-- Information shown follows --
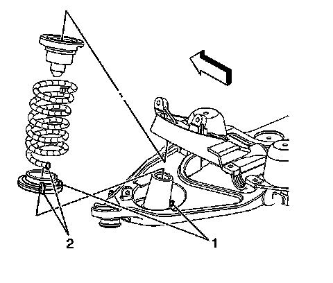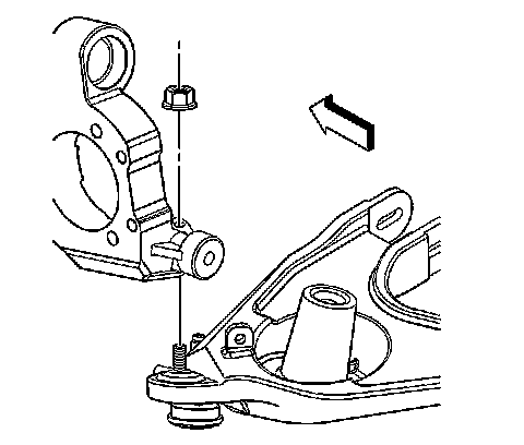 3. Install the cam bolt (1) and the cam washer (2) to the lower control arm.
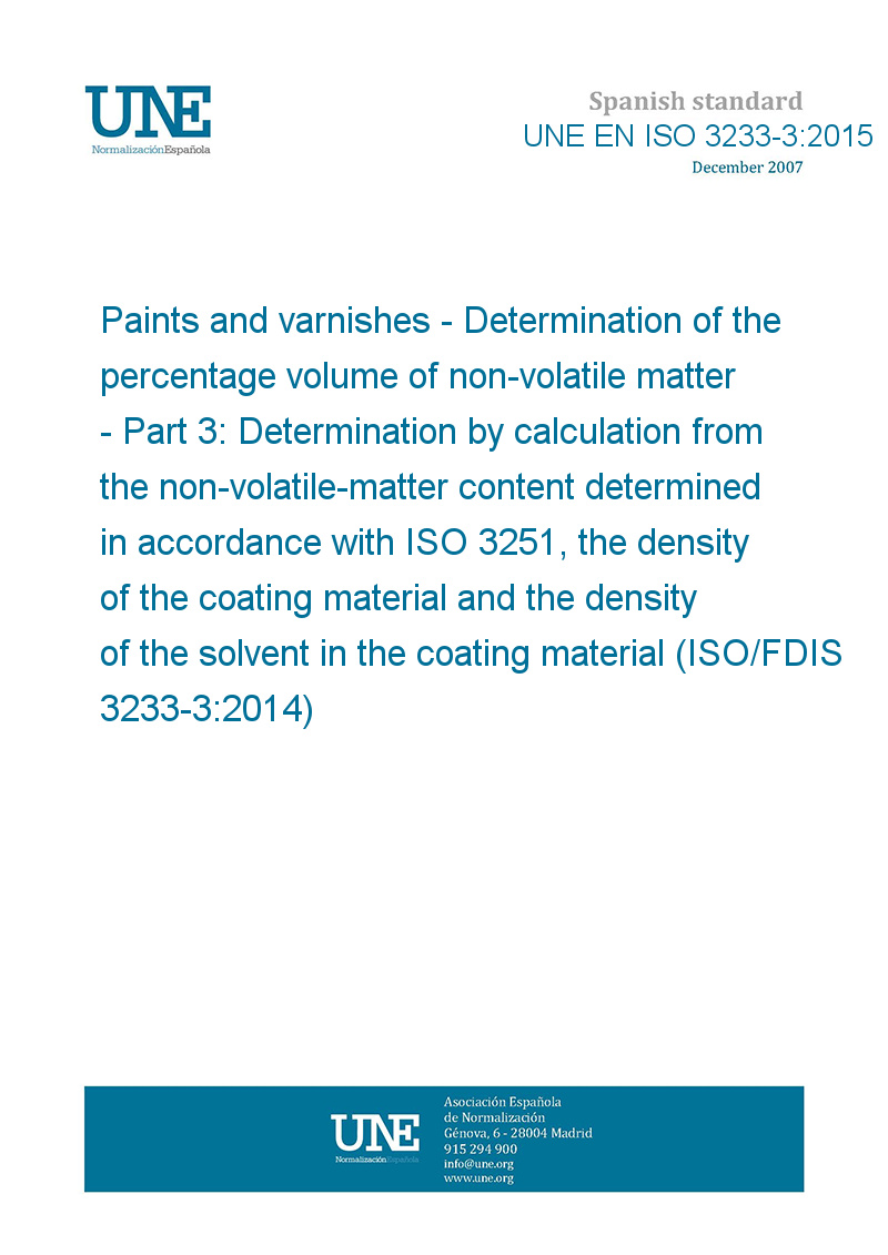 Pinturas y barnices. Determinación del porcentaje en volumen de la materia no volátil. Parte 3: Determinación mediante el cálculo a partir del contenido de materia no volátil conforme a la Norma ISO 3251, la densidad del material de recubrimiento y la densidad del disolvente en el material de recubrimiento. (ISO 3233-3:2015).
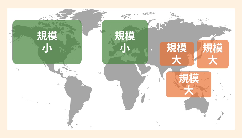 業務プロセスの共通性は大きいものの、地域毎のビジネス規模の差が大きい場合があります。
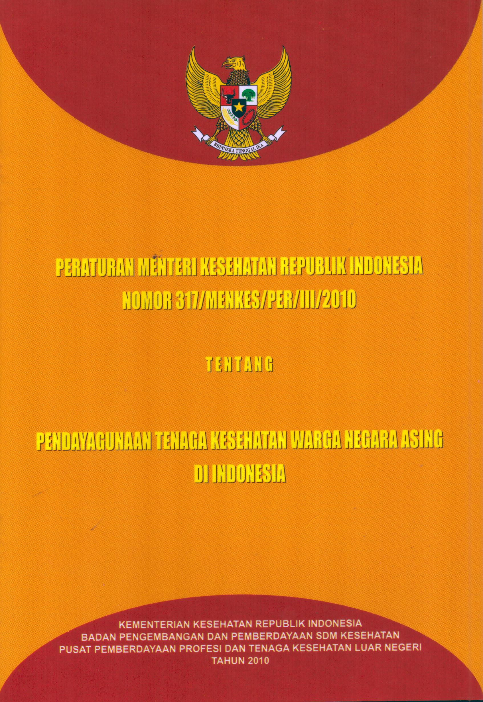 | Judul | Peraturan Menteri Kesehatan Republik Indonesia 317/Menkes/Per/III/2010 : Tentang Pendayagunaan Tenaga Kesehatan Warga Negara Asing di Indonesia / Kementerian Kesehatan Republik Indonesia |
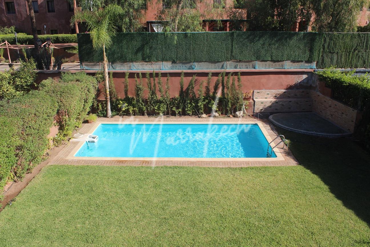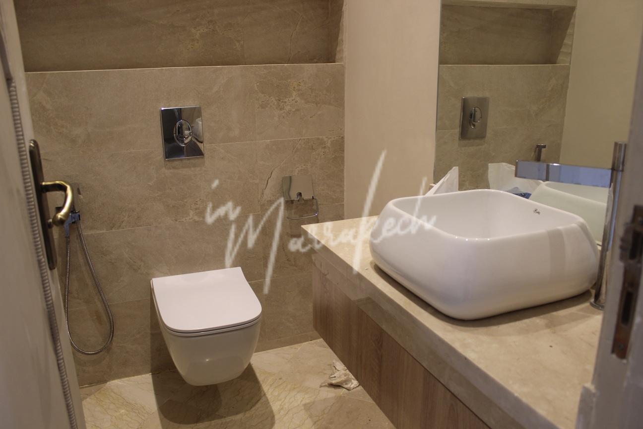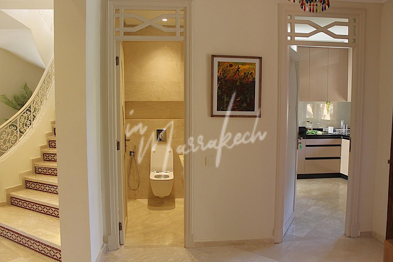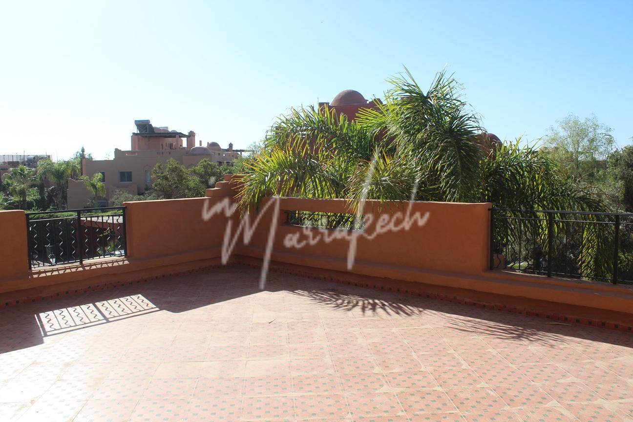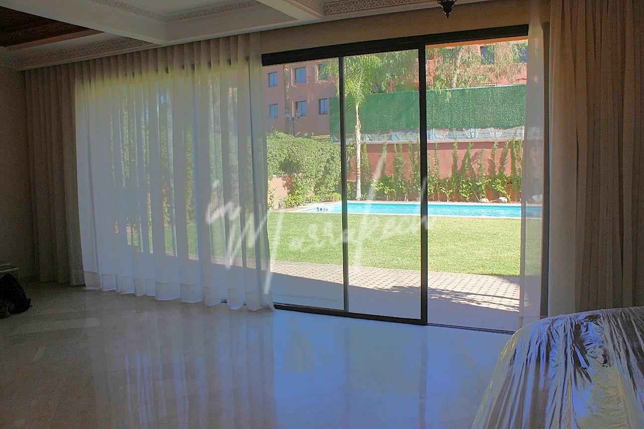 Description : Votre agence immobilière InMarrakech à le plaisir de vous proposer une jolie villa dans le domaine de River Palm comprenant une entrée, une belle pièce de vie avec cheminée avec des grandes baies vitrées en double vitrage, toilette réception, une belle cuisine, deux chambres , une salle d’eau commune aux deux chambres et à l’étage une belle chambres parentale avec salle d’eau et terrasse
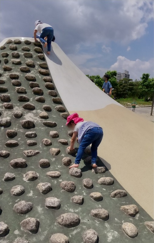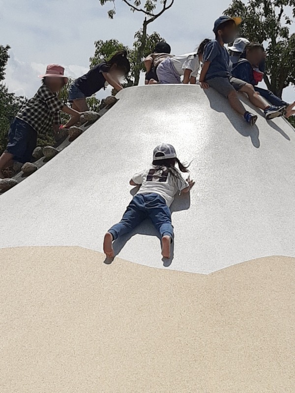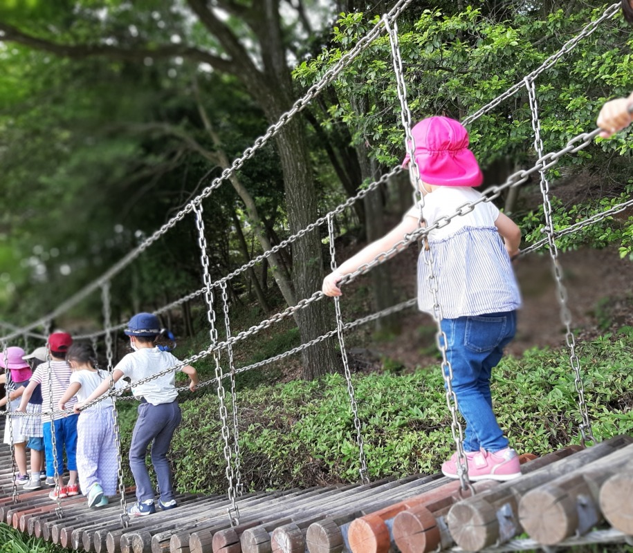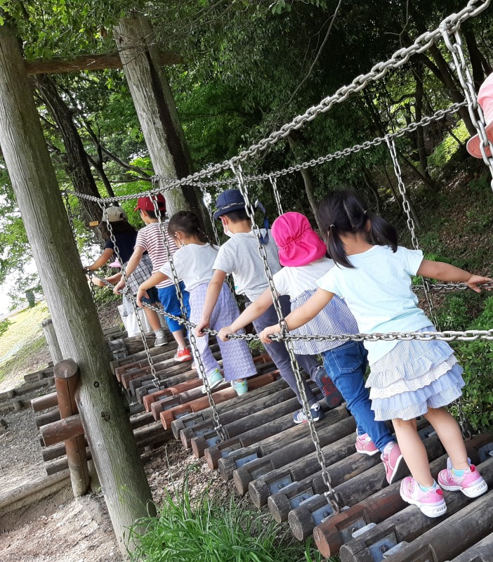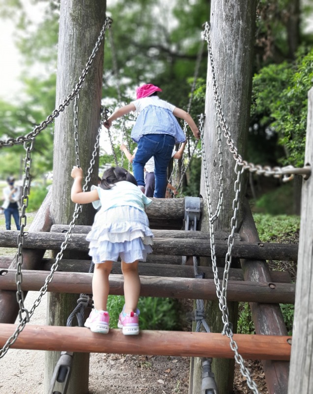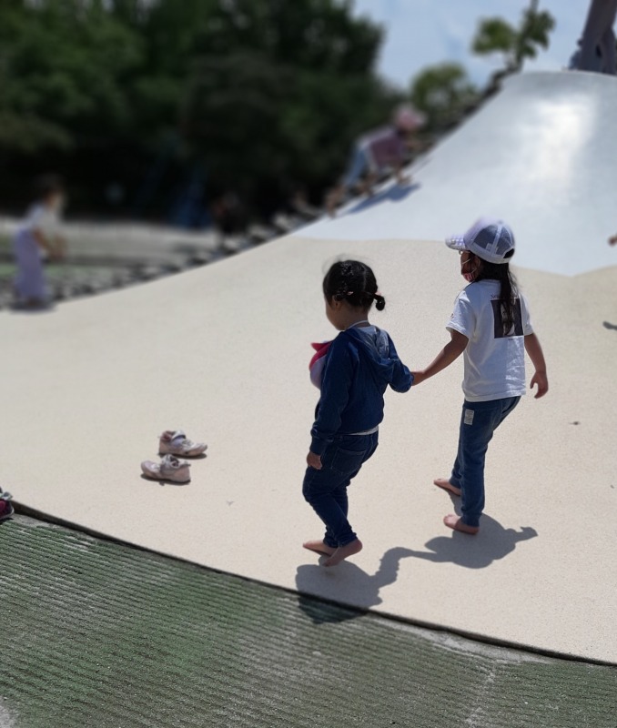 2021.5.29 桃花台中央公園 日々のこと 桃花台中央公園に行きました。みんな大好き斜面登り。滑り落ちるのも楽しい!裸足で歩くの気持ちいいね。少し奥のほうに行くと、吊り橋発見!慎重に慎重に…気付けばきのねの子たちでいっぱいになっていましたよ。
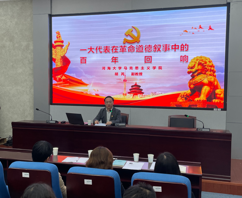 为推动学院党史学习教育走深走实,3月31日下午,水文水资源党委邀请学校党史学习教育宣讲团成员、马克思主义学院胡芮副教授作了题为《一大代表在革命道德叙事中的百年回响》专题报告。学院党委委员、领导班子成员、师生党支部书记、师生党员代表、团支部书记等聆听报告。院党委书记孔祥冬主持报告会。
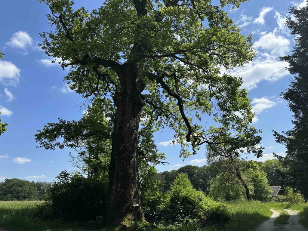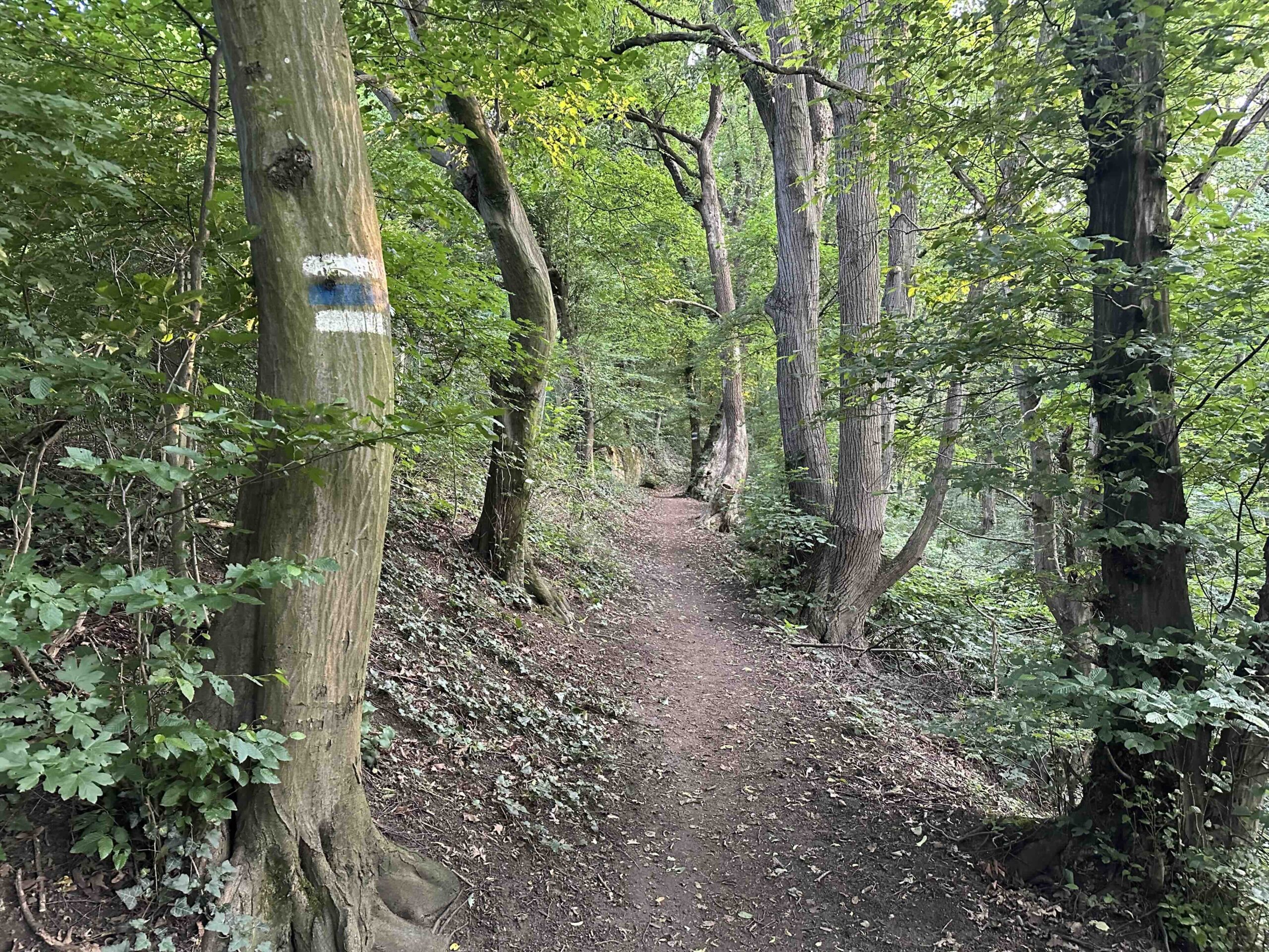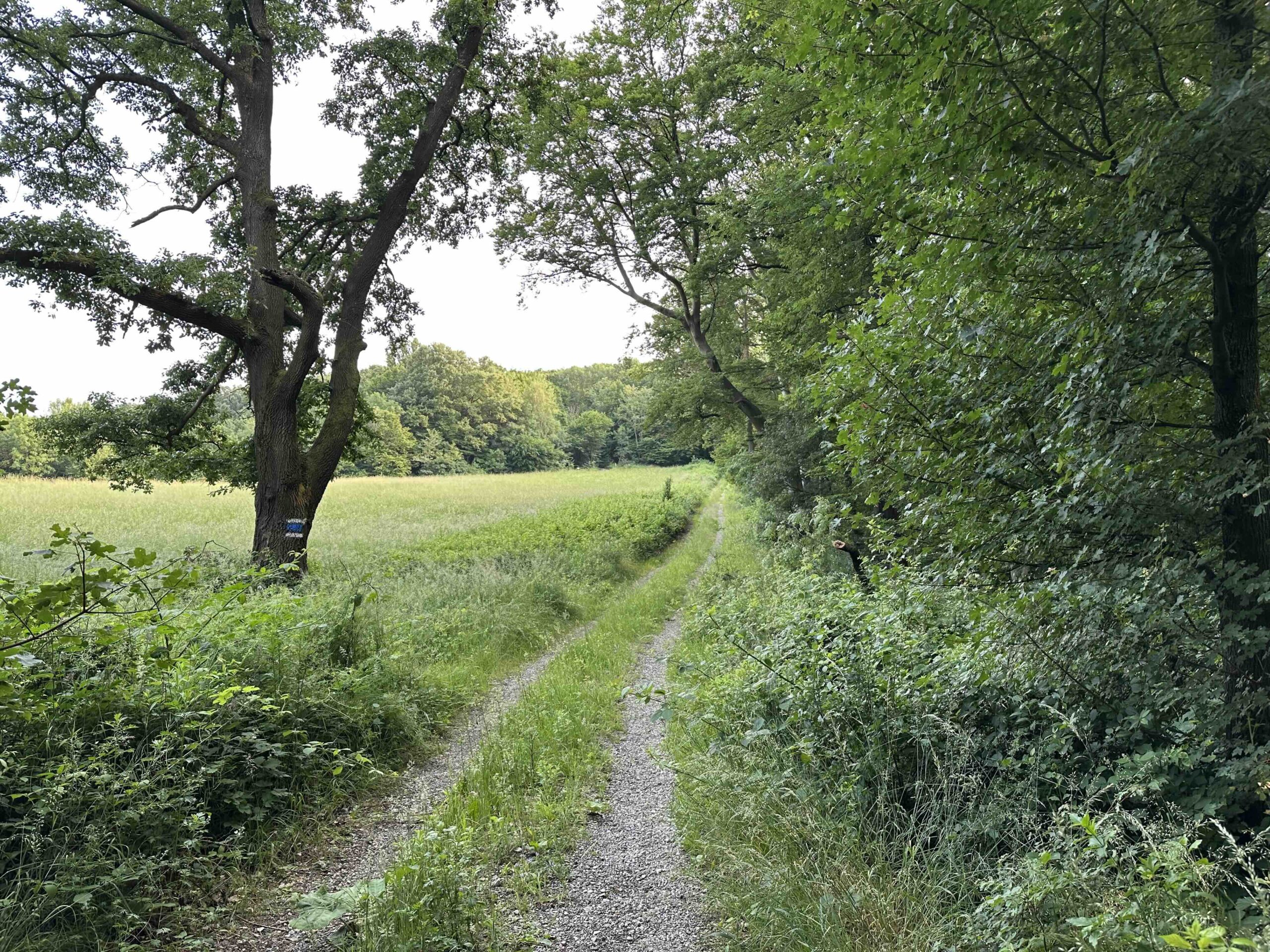 Hier trifft man auf den grün markierten Weg aus Klosterneuburg und biegt rechts ab, an der Steinböck Hütte vorbei, und kommt gleich danach auf eine Kreuung mit einer breiten Forststraße, der man geradeaus, leicht bergan, durch den Wald folgt. Zuerst gilt es einen kleinen Anstieg zu bewältigen, bevor man beim Roten Kreuz auf den Eichenhain trifft. Von nun wandert man entlang dem Waldrand mit Blick über Felder und Wiesen in Richtung Exelberg. In der Mitte befindet sich ein kleiner Bauernhof und davor eine über 300 jährige Stieleiche, die Mutter des Wienerwalds.
-- Information shown concluded --
#### [Problem details]
What you return must match the lines from the top of the data through the line with "Republik Indonesia |" exactly, with the pictures removed.

#### [Answer below]
 3. Install the cam bolt (1) and the cam washer (2) to the lower control arm.
 Pinturas y barnices. Determinación del porcentaje en volumen de la materia no volátil. Parte 3: Determinación mediante el cálculo a partir del contenido de materia no volátil conforme a la Norma ISO 3251, la densidad del material de recubrimiento y la densidad del disolvente en el material de recubrimiento. (ISO 3233-3:2015).
 業務プロセスの共通性は大きいものの、地域毎のビジネス規模の差が大きい場合があります。
 | Judul | Peraturan Menteri Kesehatan Republik Indonesia 317/Menkes/Per/III/2010 : Tentang Pendayagunaan Tenaga Kesehatan Warga Negara Asing di Indonesia / Kementerian Kesehatan Republik Indonesia |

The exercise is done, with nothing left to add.